» WORK REQUEST
Using the records below, copy exactly the part that opens with the line holding "Ob Sie es glauben" and closes with the line holding "赵俊学教授致辞,从两个方面向", minus the pictures.

========================================================================

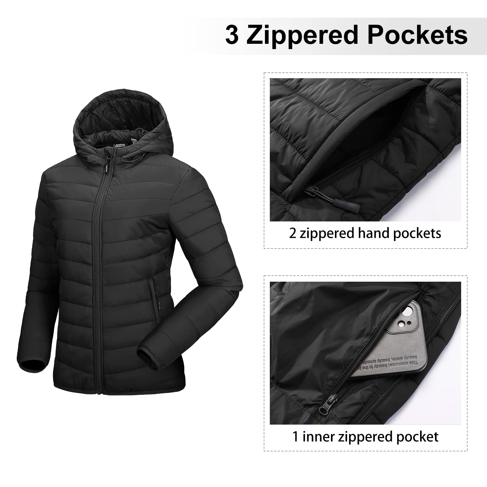 - [Humanized Design] Outdoor Ventures women's hooded puffer jacket includes 2 outside zipper pockets and 1 zipper chest pocket. It is great for storing money, keys, phone, wallet, passport etc, providing great privacy and convenience for you.
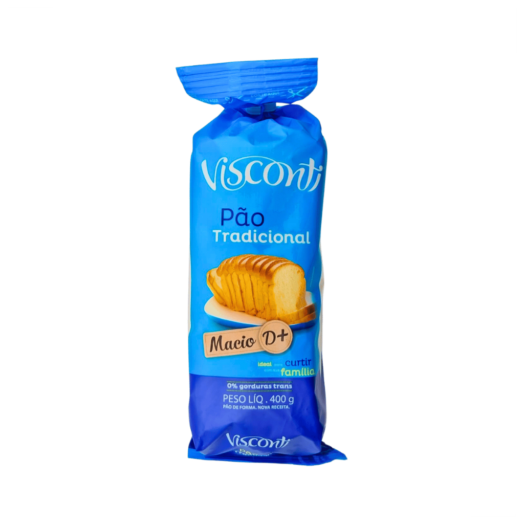 Pão de Forma Tradicional Visconti 400G - Caixa 10 Unidades Pacote 400g Cada Café da Manhã e Lanches.
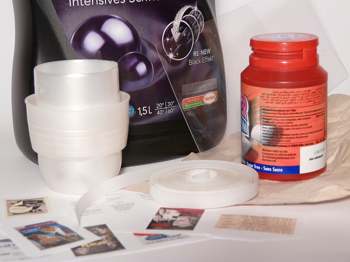 Ob Sie es glauben oder nicht, aus diesem Sammelsurium soll sich eine Littfass-Säule formen lassen. Eine Kappe eines Waschmittels, eine Verpackung eines
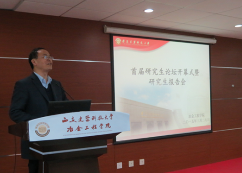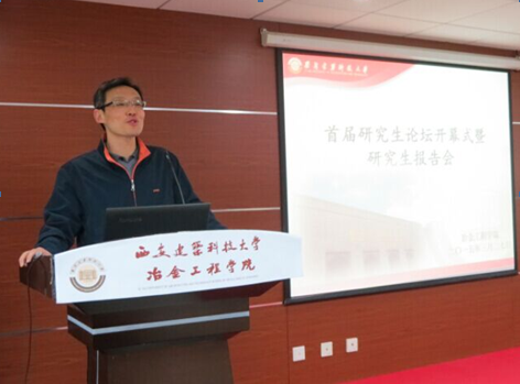 赵俊学教授致辞,从两个方面向同学们讲述了本次报告会的目的,即一方面可以检验学生的研究成果,实现研究生之间的学术交流,而另一方面,也可以培养研究生科研成果的阐述讲解能力。紧接着,由研究生院副院长王燕平老师致开幕词。
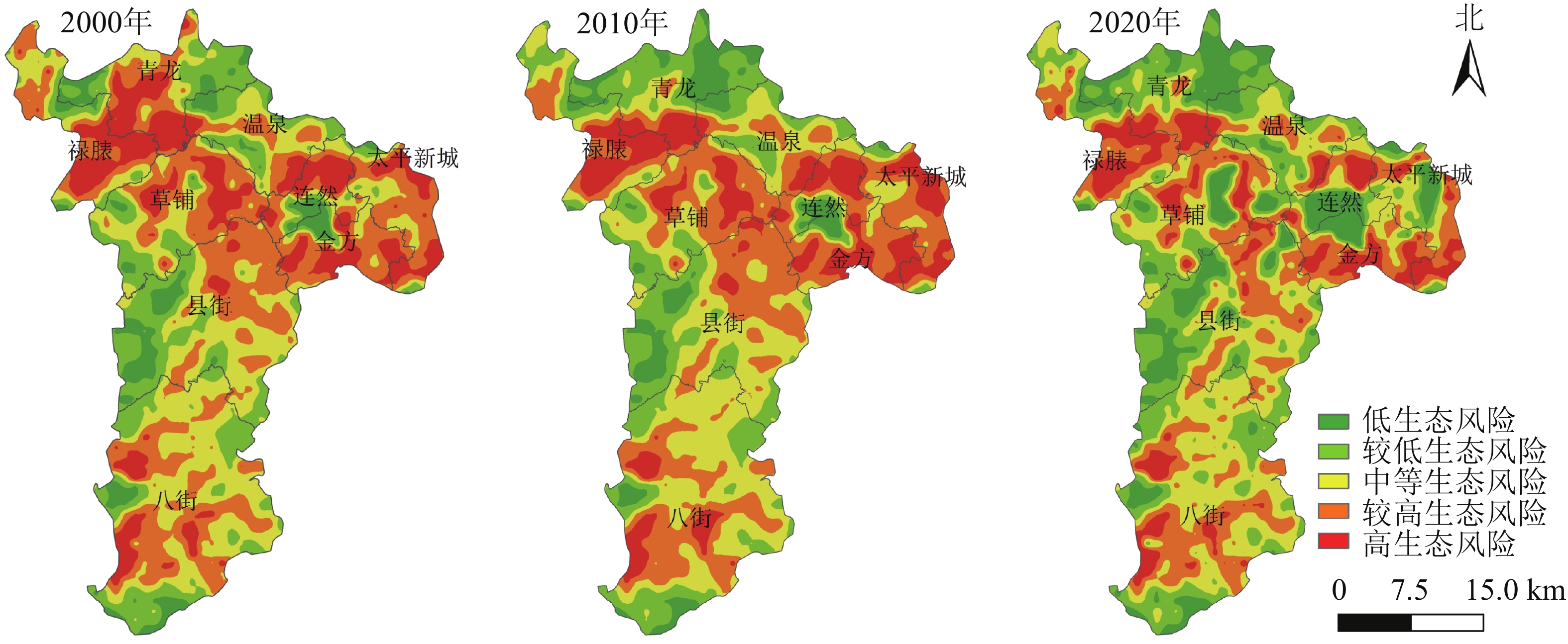 • 表2可知:2000—2020年安宁市景观生态风险整体以中等风险和较高风险区为主,占研究区景观生态风险等级总面积的52.95%~59.76%。结合图2来看,低生态风险区主要分布在研究区南北两端以及中西部山地地带,景观类型主要为林地、草地,人为干扰较少,景观损失度较低;研究期内面积总体上升,主要为青龙、连然、金方、太平新城等街道组成的中心城区的低生态风险面积增加。这是由于青龙街道在此期间建成国家园林城镇,林地等景观面积增加,生态环境改善;随着城镇化的推进,中心城区城镇拓展有序,人造地表景观集中成片,稳定性强,外界干预影响较少。此外,县街和草铺街道作为安宁市重要的工业基地,为打造绿色工业城市的景观风貌,建设了麒麟现代工业景观分区和职业教育景观风貌分区,景观斑块的连接度增强,景观生态风险得到有效防控,低生态风险区面积增加。较低生态风险区面积持续上升,主要分布在低生态风险区的周围。中生态风险区主要分布于八街和县街街道,以及其余各街道耕地景观周边;该区以耕地景观为主,多分布于山地丘陵地带,景观形态复杂,水网密布,林地、草地、灌木地和人造地表景观等相互交错,破碎化程度较高,生态风险加剧,但研究期内该区整体面积变化相对稳定。较高生态风险区分布较为广泛,主要分布于高生态风险区向中等生态风险区过渡区域,研究期内面积占比降低,共降低6.94%。高生态风险区主要分布于各街道城镇扩展的边缘地带,研究期内总面积呈下降趋势,各时期占比分别为15.28%、14.47%、10.64%;说明城镇快速扩张对各类景观类型干扰度较大,尤其在城市边缘地带建设用地较为分散,人文景观与自然景观交替频繁,打断了生态系统的整体,使得景观破碎度高、分离度明显上升,加大了生态风险;其中禄脿街道整体处于高生态风险等级,作为集磷矿工业、特色农业、交通枢纽、特色农业等多种功能的混合街道,景观破碎度和分离度大,高生态风险区面积较多且呈现长期稳定的高风险状态。应用转移矩阵进一步分析研究区景观生态风险各等级间的转移特征,根据表3可以看出:2000—2020年,较低生态风险区主要转移为低生态风险区,中等风险区主要转移为较低、低生态风险区,较高生态风险区主要转移为中等生态风险区,高生态风险区主要转移为较高生态风险区。各等级生态风险区均主要表现为向次级生态风险区转移的特征。由此可以看出,研究区整体生态安全保障水平有所提高,城市经济发展与环境保护逐渐向着良性发展的态势转变。

========================================================================

» RESPONSE FOR THIS EXERCISE
 Ob Sie es glauben oder nicht, aus diesem Sammelsurium soll sich eine Littfass-Säule formen lassen. Eine Kappe eines Waschmittels, eine Verpackung eines
 赵俊学教授致辞,从两个方面向同学们讲述了本次报告会的目的,即一方面可以检验学生的研究成果,实现研究生之间的学术交流,而另一方面,也可以培养研究生科研成果的阐述讲解能力。紧接着,由研究生院副院长王燕平老师致开幕词。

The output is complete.